Eu já estava de banho tomado, sentado no banco, apreciando o trabalho daquele grande lutador, a quem o Tempo e o Destino nunca lhe foram favoráveis. Estava lento, parecia cansado, e sua sombra à frente do espelho, nem de longe recordava aquele Fernando Barreto que fora uma das esperanças do Boxe Brasileiro nos anos 50 e 60. De repente, o Wanderley chegou a mim, e disse que o Fernando pedira a ele um sparring para dois rounds, coisa rápida; mas só havia eu no ginásio, os demais, já haviam ido embora. Não sei porque, mas ou foi o Wanderley que conseguiu me convencer, ou fui eu mesmo que vi ali, a minha oportunidade de testar-me com luvas, diante de um ícone do Boxe brasileiro. Foram os dois(ou três) rounds mais terríveis da minha vida no Boxe. Fernando não conseguia me achar e os meus jabs entravam sem pedir licença na cabeça dele.

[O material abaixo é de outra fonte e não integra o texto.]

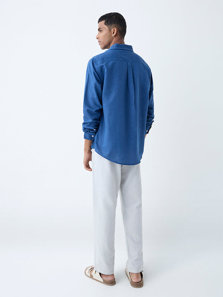ETA Indigo Textured Relaxed-Fit Mid-Rise Cotton Trousers

Ali na minha frente, sem nenhuma inspiração estava o nocauteador Fernando Barreto, um verdadeiro fantasma, tínhamos ambos 28 anos, e ele teria, meses depois, um compromisso pelo seu título de campeão sul-americano de médios, frente ao fenomenal argentino Jorge Fernandez. Quando tudo acabou eu descia com o Wanderley as escadas de ferro do Lhoyd, e conversávamos sem entender, o que o Fernando, mal como estava, iria fazer, no mesmo ringue com o argentino Jorge Fernandez. No ônibus, de volta à minha casa, aquilo não me saía da cabeça; Fernando não conseguira achar um "funcionário do Banco do Brasil", o que ele teria de melhorar, para defender o seu título? Cheguei a pensar que Fernando aliviara os rounds de luvas comigo, por gentileza, mas o futuro mostrou que as apreensões minhas e do Wanderley, tinham (como tiveram) justificativas.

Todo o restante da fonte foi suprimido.